III
Но у Макара Ивановича я, совсем не ожидая того, застал людей — маму и доктора. Так как я почему-то непременно представил себе, идя, что застану старика одного, как и вчера, то и остановился на пороге в тупом недоумении. Но не успел я нахмуриться, как тотчас же подошел и Версилов, а за ним вдруг и Лиза… Все, значит, собрались зачем-то у Макара Ивановича и «как раз когда не надо»!
— О здоровье вашем пришел узнать, — проговорил я, прямо подходя к Макару Ивановичу.
— Спасибо, милый, ждал тебя: знал, что придешь! Ночкой-то о тебе думал.

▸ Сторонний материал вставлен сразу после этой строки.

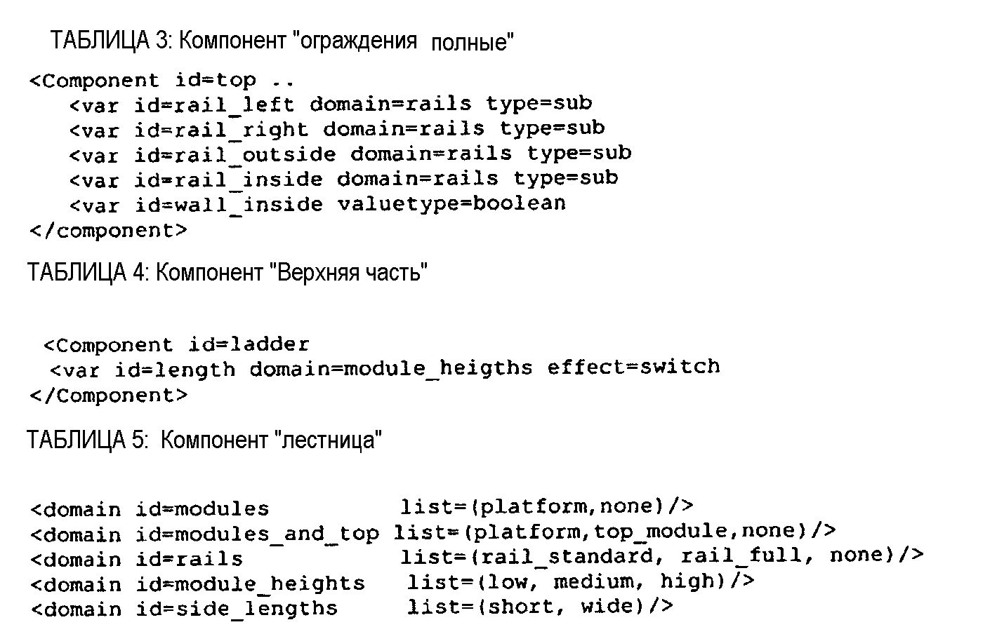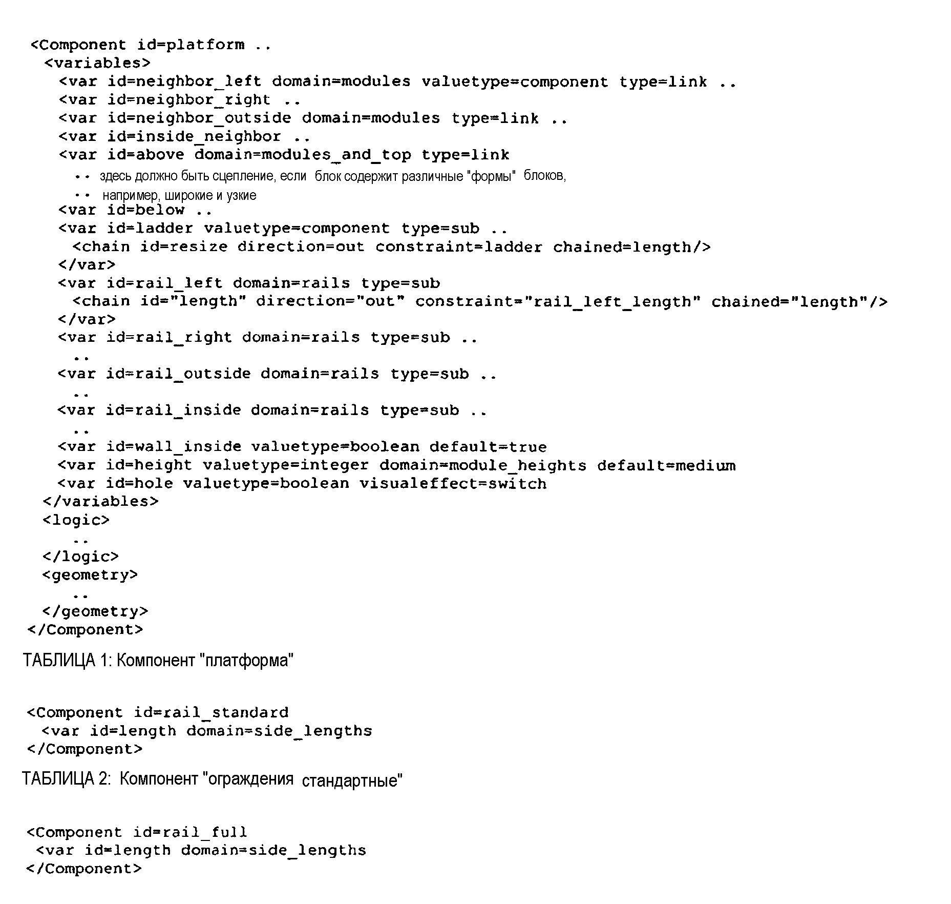 Второй набор данных может дополнительно содержать отдельную структуру данных или набор отдельных структур данных, которые определяют возможные или разрешенные комбинации компонентов и/или значений параметра, причем отдельную структуру данных или структуры включают во второй набор данных таким образом, что каждая отдельная структура данных является ассоциированной с конкретным компонентом, благодаря чему по меньшей мере одно из ограничений для конкретного компонента может отражать вышеуказанные возможные или разрешенные комбинации компонентов и/или значений параметра.
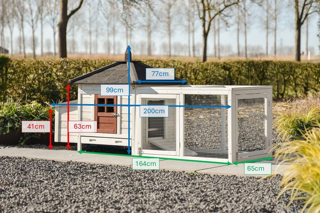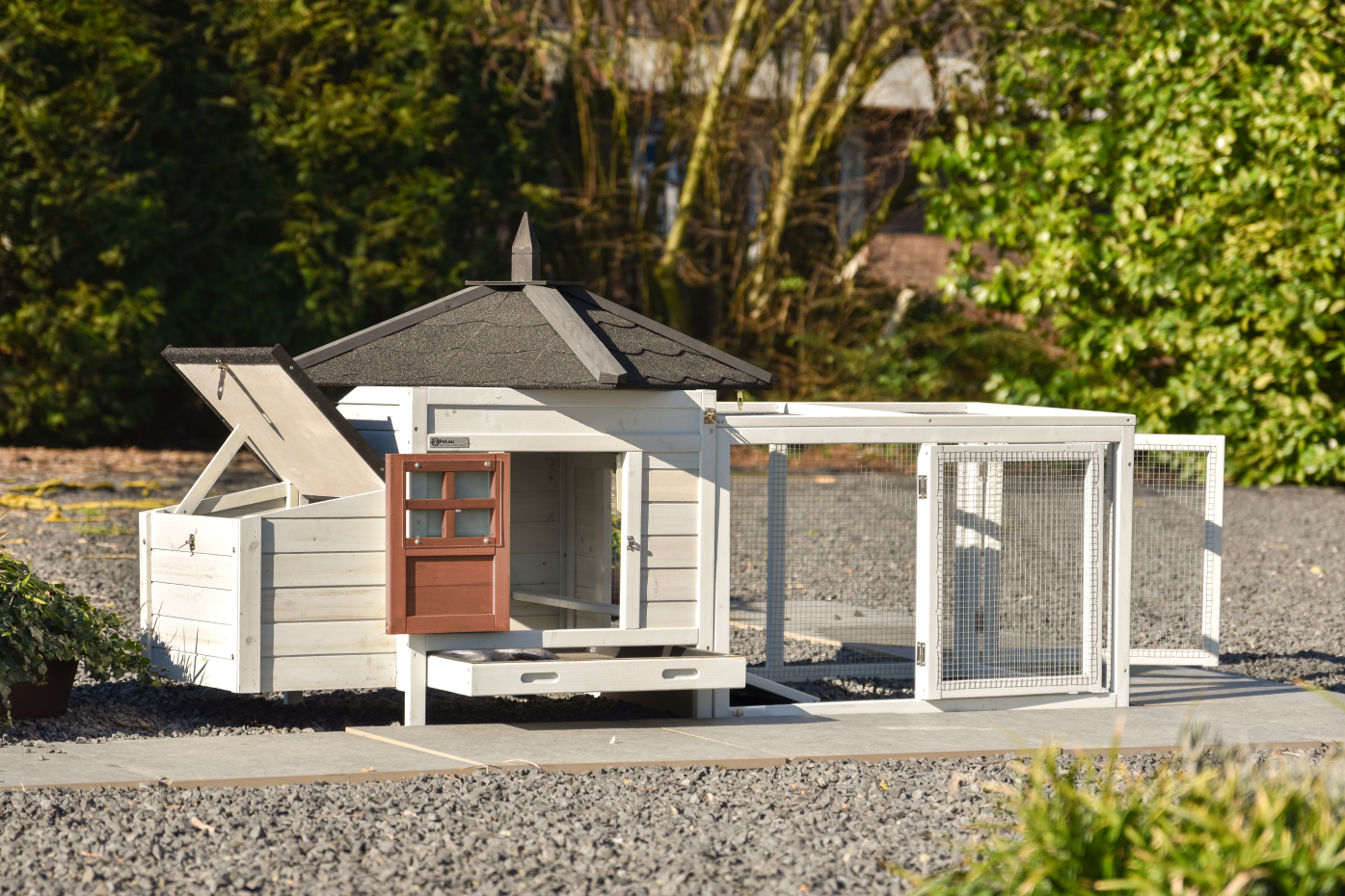 Der Hühnerstall Ambiance Small mit Anbau-auslauf ist praktisch und ansprechend. Er verfügt über eine herausziehbare Schublade und ein abnehmbares Dach für einfache Wartung. Der Auslauf kann mit zusätzlichen Gehegen erweitert werden. Dieser Hühnerstall passt in die meisten Gärten und bietet Platz für 4-6 Hühner, abhängig von ihrer Größe.

Он ласково смотрел мне в глаза, и мне видимо было, что он меня чуть не лучше всех любит, но я мигом и невольно заметил, что лицо его хоть и было веселое, но что болезнь сделала-таки в ночь успехи. Доктор перед тем только что весьма серьезно осмотрел его. Я узнал потом, что этот доктор (вот тот самый молодой человек, с которым я поссорился и который с самого прибытия Макара Ивановича лечил его) весьма внимательно относился к пациенту и — не умею я только говорить их медицинским языком — предполагал в нем целое осложнение разных болезней. Макар Иванович, как я с первого взгляда заметил, состоял уже с ним в теснейших приятельских отношениях; мне это в тот же миг не понравилось; а впрочем, и я, конечно, был очень скверен в ту минуту.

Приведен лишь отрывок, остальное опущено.